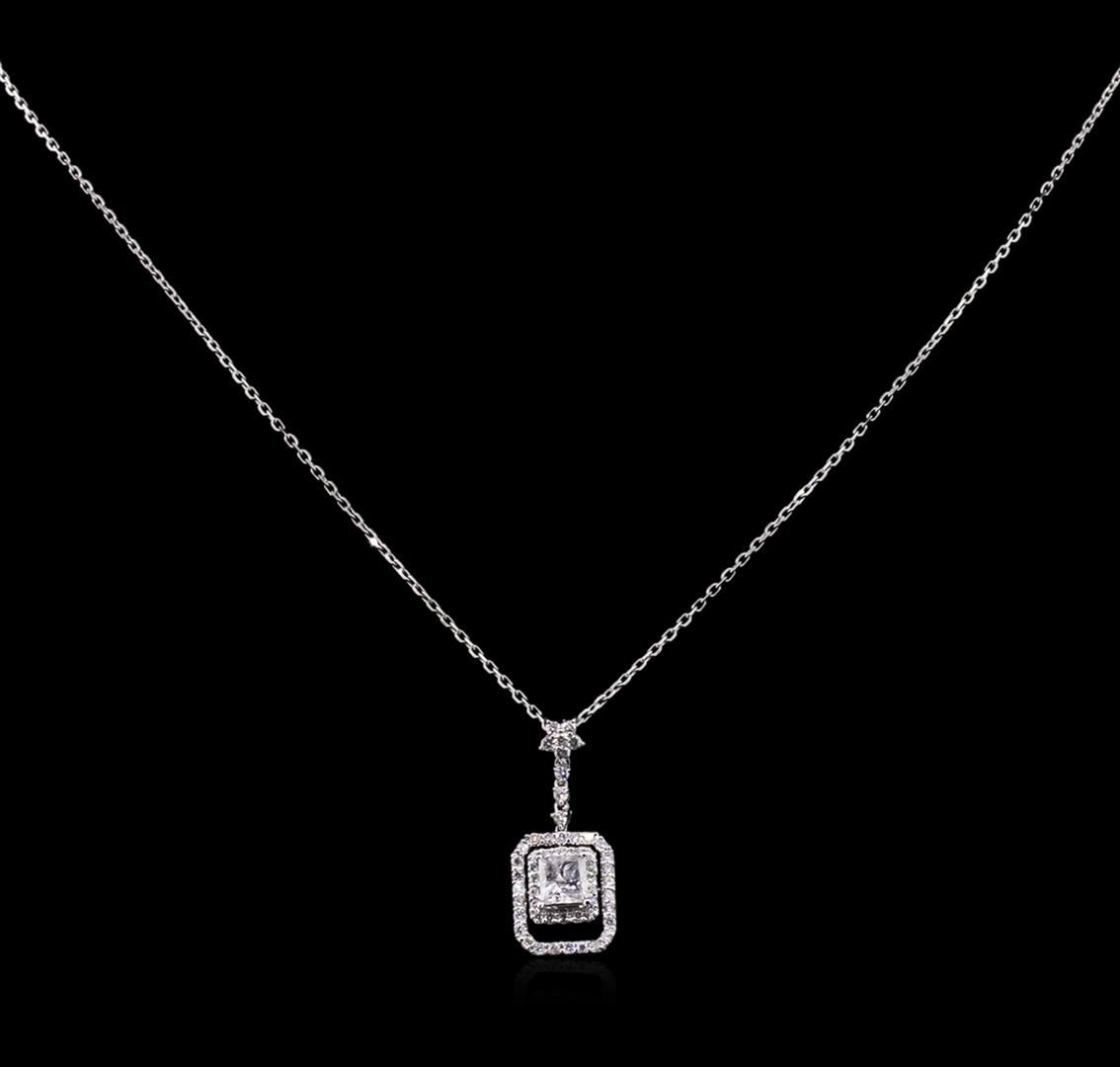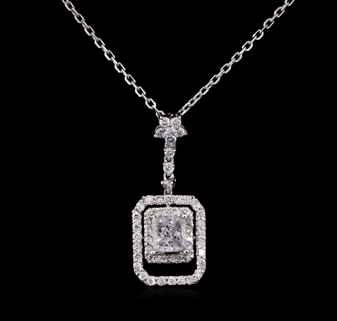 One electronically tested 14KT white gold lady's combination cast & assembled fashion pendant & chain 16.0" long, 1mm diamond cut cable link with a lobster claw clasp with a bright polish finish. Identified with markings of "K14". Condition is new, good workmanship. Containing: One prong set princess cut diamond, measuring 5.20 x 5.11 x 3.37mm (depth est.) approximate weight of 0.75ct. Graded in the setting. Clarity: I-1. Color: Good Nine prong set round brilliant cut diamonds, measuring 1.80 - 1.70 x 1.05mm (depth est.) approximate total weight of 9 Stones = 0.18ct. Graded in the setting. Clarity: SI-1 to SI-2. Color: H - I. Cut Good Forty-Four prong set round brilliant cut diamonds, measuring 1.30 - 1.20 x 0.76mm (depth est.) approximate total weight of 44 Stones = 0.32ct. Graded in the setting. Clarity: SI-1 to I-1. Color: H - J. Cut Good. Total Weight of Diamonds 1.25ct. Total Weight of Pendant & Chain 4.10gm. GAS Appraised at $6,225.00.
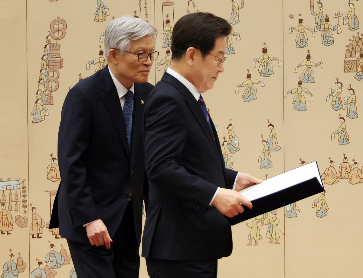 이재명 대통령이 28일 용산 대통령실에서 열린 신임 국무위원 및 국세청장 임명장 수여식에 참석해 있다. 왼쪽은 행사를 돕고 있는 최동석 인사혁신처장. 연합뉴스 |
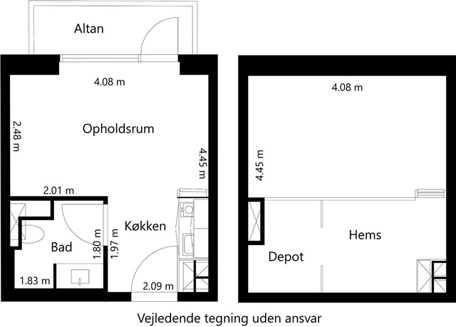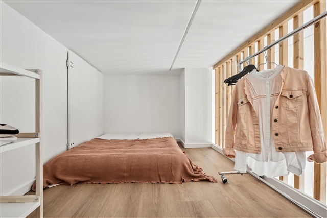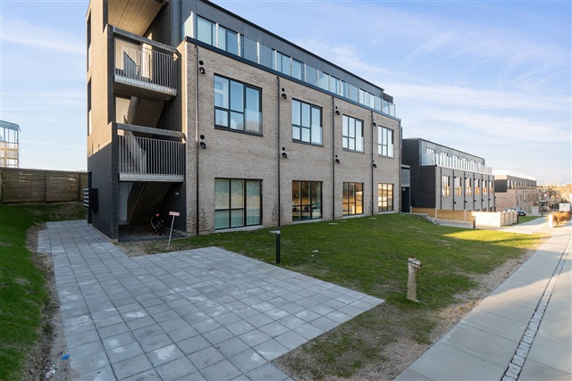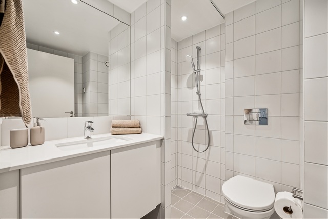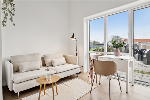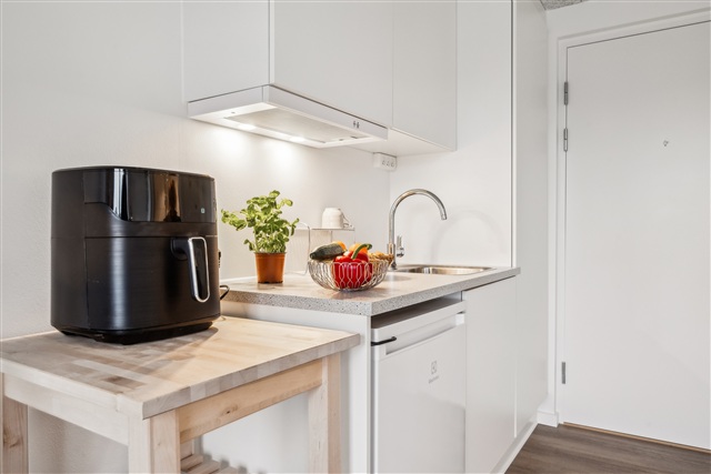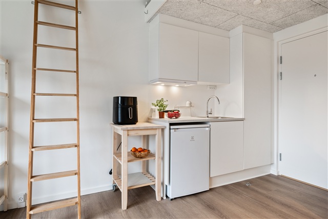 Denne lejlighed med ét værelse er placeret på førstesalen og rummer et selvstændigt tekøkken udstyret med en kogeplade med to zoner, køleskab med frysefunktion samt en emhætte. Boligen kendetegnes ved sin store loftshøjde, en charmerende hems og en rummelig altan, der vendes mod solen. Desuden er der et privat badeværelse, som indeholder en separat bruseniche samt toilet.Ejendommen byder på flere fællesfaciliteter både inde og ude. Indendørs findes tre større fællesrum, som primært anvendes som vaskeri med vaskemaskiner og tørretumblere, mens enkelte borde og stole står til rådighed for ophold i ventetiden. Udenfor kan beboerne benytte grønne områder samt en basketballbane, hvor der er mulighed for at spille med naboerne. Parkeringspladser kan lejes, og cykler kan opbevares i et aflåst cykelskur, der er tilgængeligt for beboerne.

---

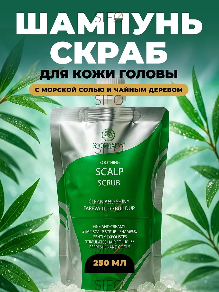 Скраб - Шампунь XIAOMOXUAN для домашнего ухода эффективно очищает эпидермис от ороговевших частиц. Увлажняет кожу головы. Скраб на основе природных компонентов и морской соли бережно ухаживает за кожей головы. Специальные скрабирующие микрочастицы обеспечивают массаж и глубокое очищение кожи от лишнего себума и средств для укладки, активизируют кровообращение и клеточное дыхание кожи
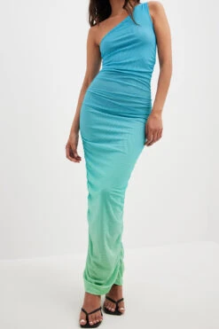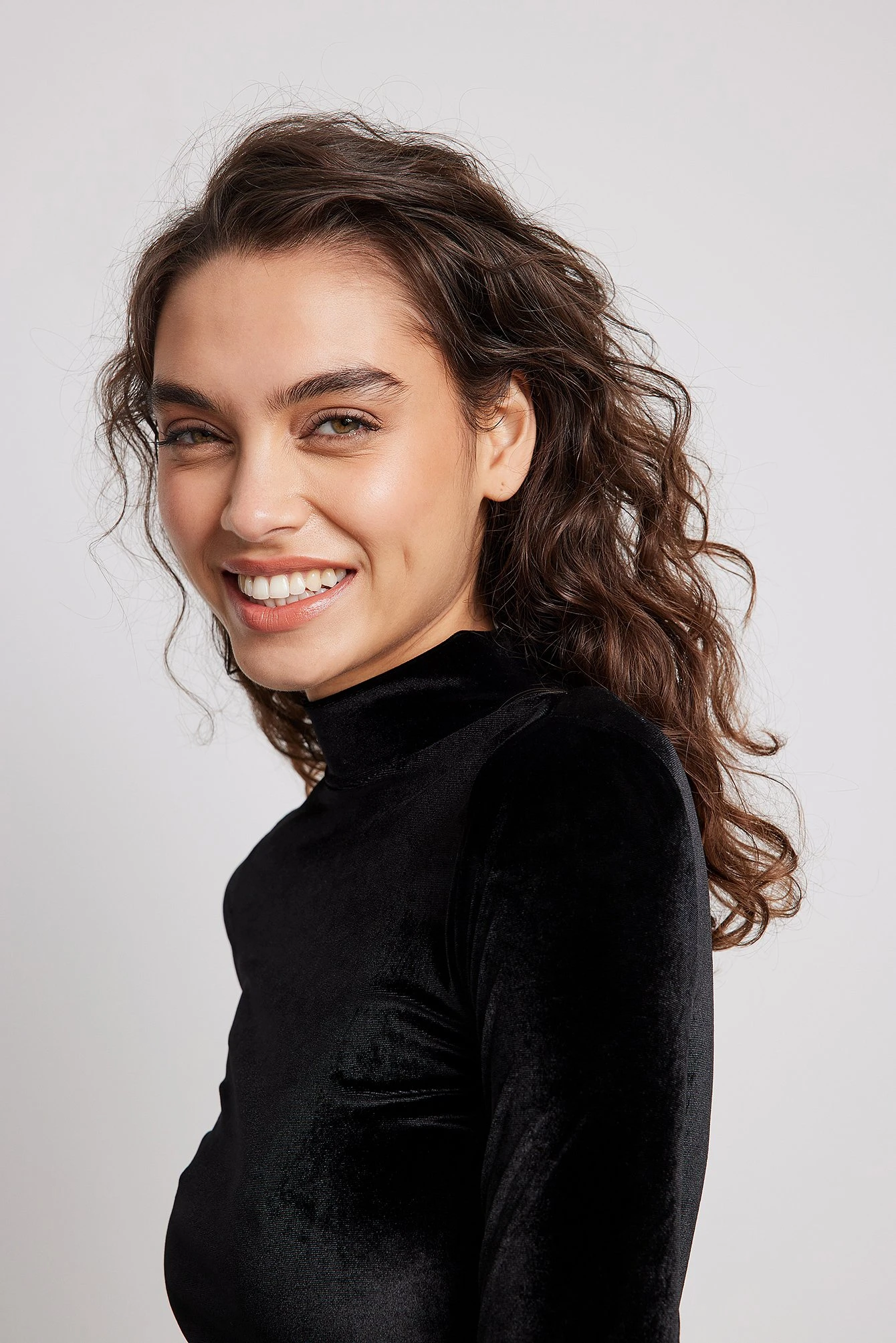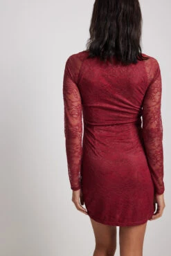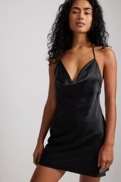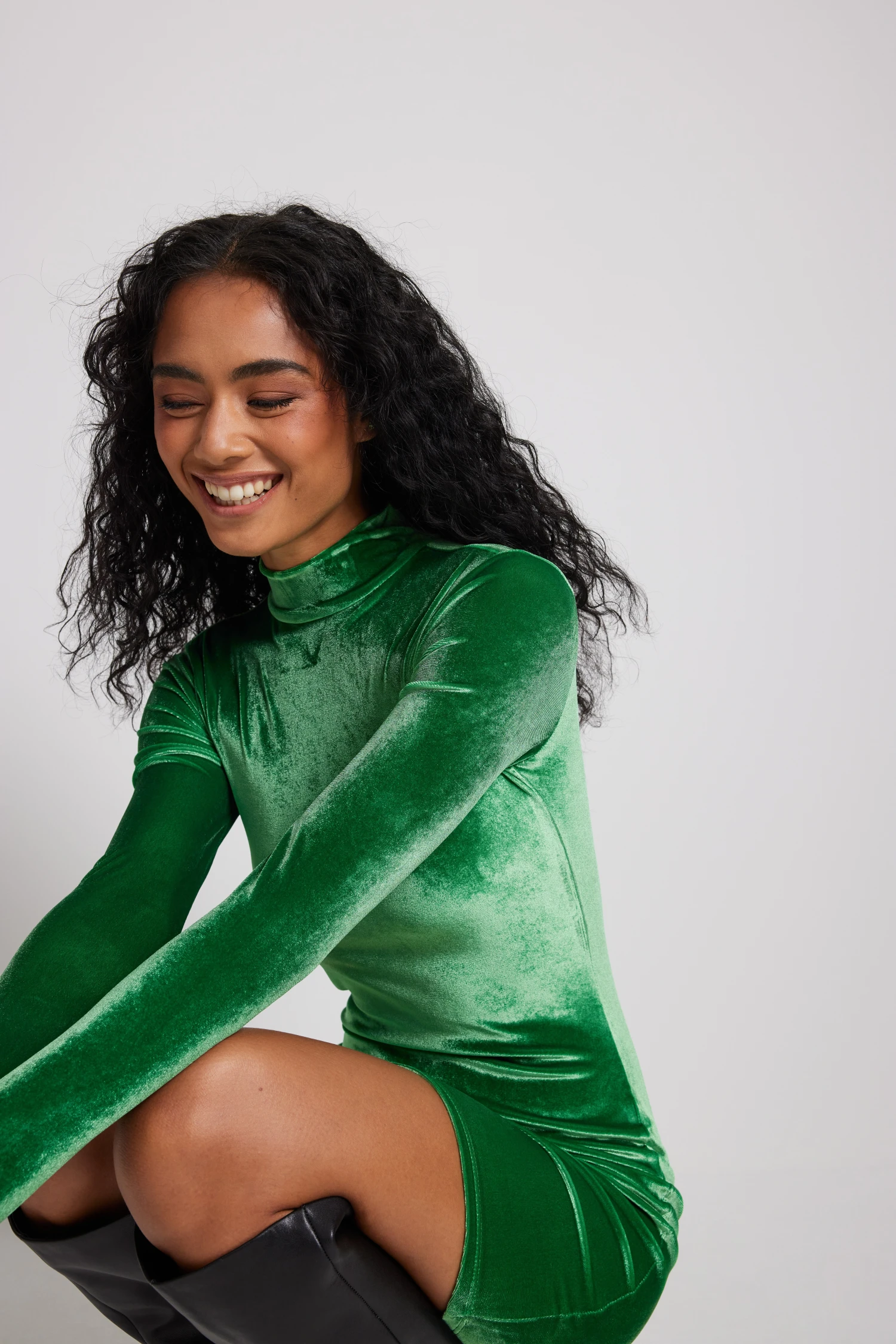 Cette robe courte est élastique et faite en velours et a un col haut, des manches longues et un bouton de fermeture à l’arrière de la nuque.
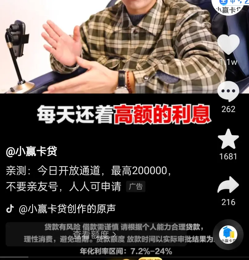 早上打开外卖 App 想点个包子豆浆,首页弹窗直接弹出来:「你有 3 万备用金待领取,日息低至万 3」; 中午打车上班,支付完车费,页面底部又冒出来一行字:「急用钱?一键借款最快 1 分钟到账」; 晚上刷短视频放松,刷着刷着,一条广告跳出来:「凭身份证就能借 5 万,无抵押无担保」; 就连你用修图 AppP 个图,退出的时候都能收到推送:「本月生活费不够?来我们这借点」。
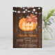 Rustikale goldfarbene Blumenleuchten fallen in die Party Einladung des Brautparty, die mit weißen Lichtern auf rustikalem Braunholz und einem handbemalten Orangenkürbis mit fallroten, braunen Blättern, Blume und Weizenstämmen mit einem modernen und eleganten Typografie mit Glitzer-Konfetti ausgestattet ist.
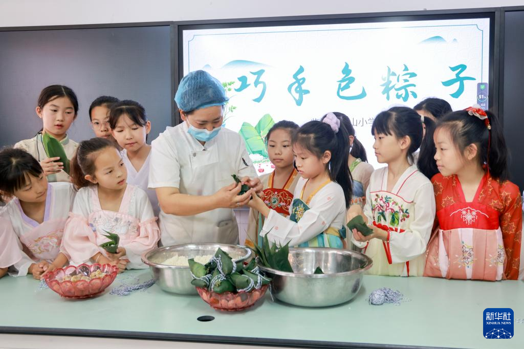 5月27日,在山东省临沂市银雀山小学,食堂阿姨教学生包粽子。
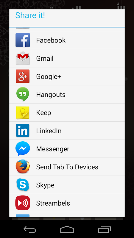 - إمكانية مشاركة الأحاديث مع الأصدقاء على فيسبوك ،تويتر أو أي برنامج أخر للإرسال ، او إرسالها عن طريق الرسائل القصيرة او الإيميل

* **Your assignment**:
Using the entries above, transcribe exactly from the line that has "One electronically tested" through the line that has "이재명 대통령이 28일". Pictures are dropped.

* **Exercise solution**:
 One electronically tested 14KT white gold lady's combination cast & assembled fashion pendant & chain 16.0" long, 1mm diamond cut cable link with a lobster claw clasp with a bright polish finish. Identified with markings of "K14". Condition is new, good workmanship. Containing: One prong set princess cut diamond, measuring 5.20 x 5.11 x 3.37mm (depth est.) approximate weight of 0.75ct. Graded in the setting. Clarity: I-1. Color: Good Nine prong set round brilliant cut diamonds, measuring 1.80 - 1.70 x 1.05mm (depth est.) approximate total weight of 9 Stones = 0.18ct. Graded in the setting. Clarity: SI-1 to SI-2. Color: H - I. Cut Good Forty-Four prong set round brilliant cut diamonds, measuring 1.30 - 1.20 x 0.76mm (depth est.) approximate total weight of 44 Stones = 0.32ct. Graded in the setting. Clarity: SI-1 to I-1. Color: H - J. Cut Good. Total Weight of Diamonds 1.25ct. Total Weight of Pendant & Chain 4.10gm. GAS Appraised at $6,225.00.
 이재명 대통령이 28일 용산 대통령실에서 열린 신임 국무위원 및 국세청장 임명장 수여식에 참석해 있다. 왼쪽은 행사를 돕고 있는 최동석 인사혁신처장. 연합뉴스 |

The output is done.